## What the exercise asks
Reproduce, exactly and only, the lines of the data that follows from the one containing "След близо 8" down to the one containing "An official licensed", without pictures.

## Source data
=-=-=
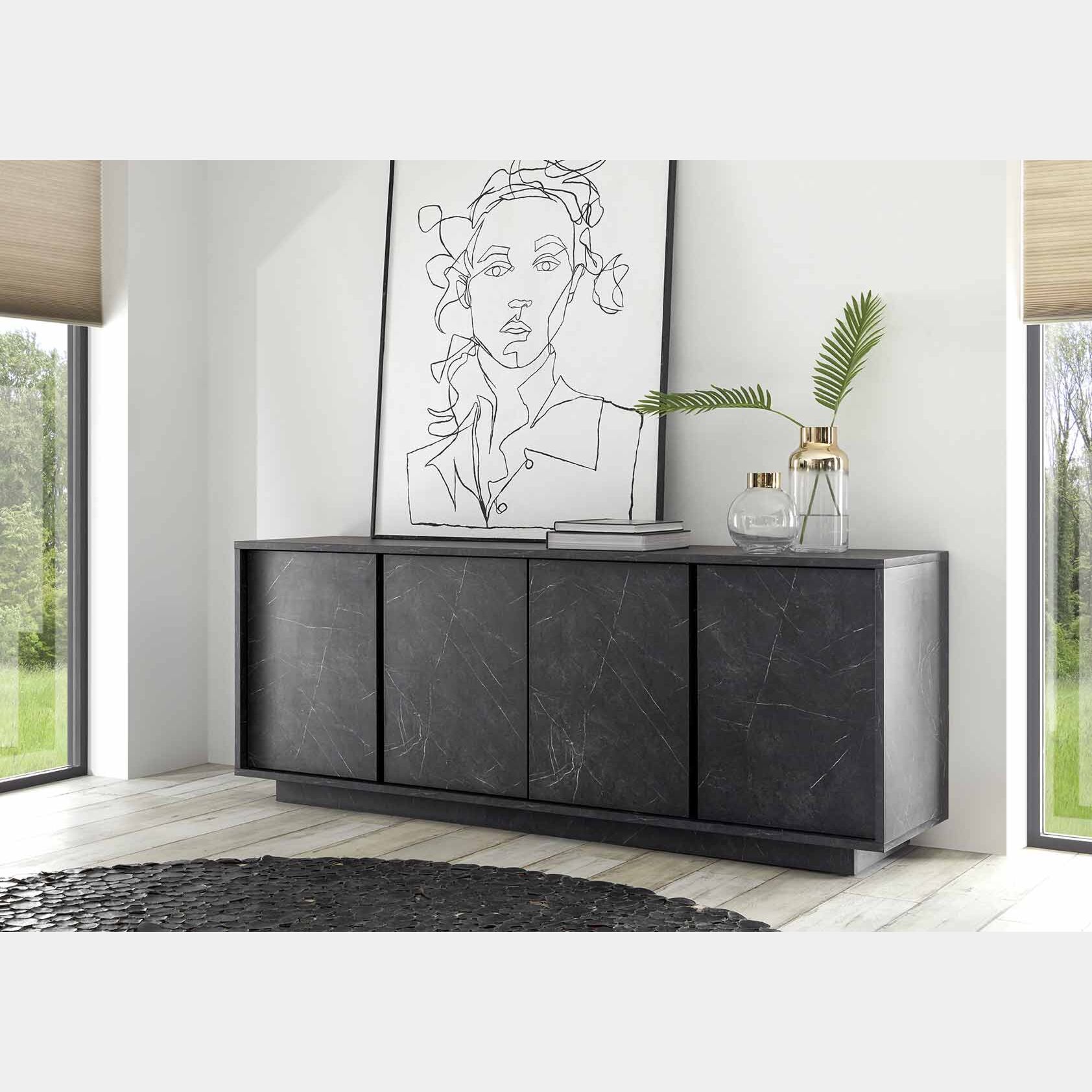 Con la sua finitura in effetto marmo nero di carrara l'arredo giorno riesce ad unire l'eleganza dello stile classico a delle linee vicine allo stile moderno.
=-=-=
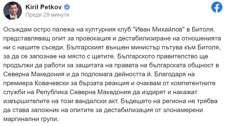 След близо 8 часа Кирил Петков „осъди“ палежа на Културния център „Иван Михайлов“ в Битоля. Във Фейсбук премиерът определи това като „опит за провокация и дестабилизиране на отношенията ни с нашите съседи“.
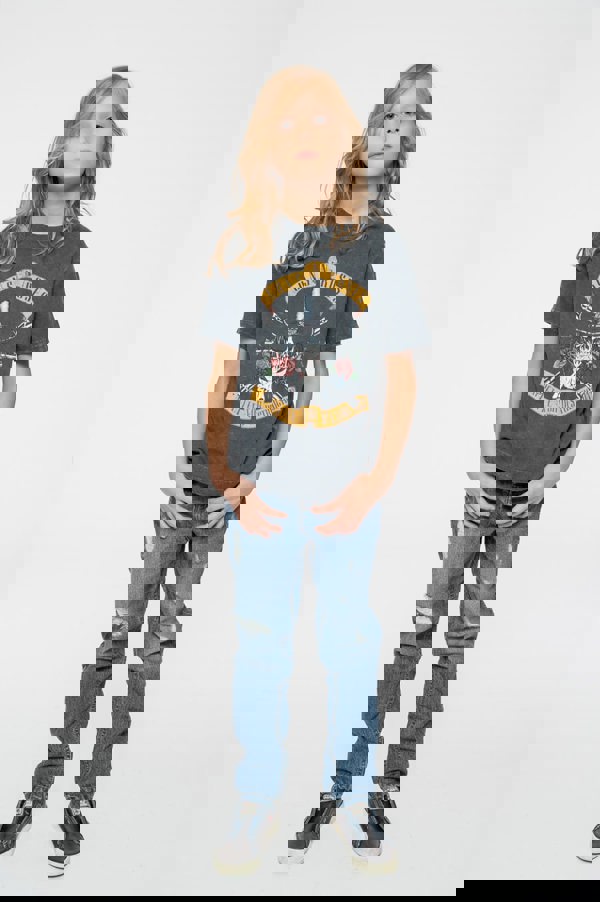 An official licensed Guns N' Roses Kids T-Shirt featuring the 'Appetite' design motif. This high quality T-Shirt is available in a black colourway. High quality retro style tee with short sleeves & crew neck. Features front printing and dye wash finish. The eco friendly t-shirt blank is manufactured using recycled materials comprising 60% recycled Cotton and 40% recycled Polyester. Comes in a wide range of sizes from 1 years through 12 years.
=-=-=
## The answer
 След близо 8 часа Кирил Петков „осъди“ палежа на Културния център „Иван Михайлов“ в Битоля. Във Фейсбук премиерът определи това като „опит за провокация и дестабилизиране на отношенията ни с нашите съседи“.
 An official licensed Guns N' Roses Kids T-Shirt featuring the 'Appetite' design motif. This high quality T-Shirt is available in a black colourway. High quality retro style tee with short sleeves & crew neck. Features front printing and dye wash finish. The eco friendly t-shirt blank is manufactured using recycled materials comprising 60% recycled Cotton and 40% recycled Polyester. Comes in a wide range of sizes from 1 years through 12 years.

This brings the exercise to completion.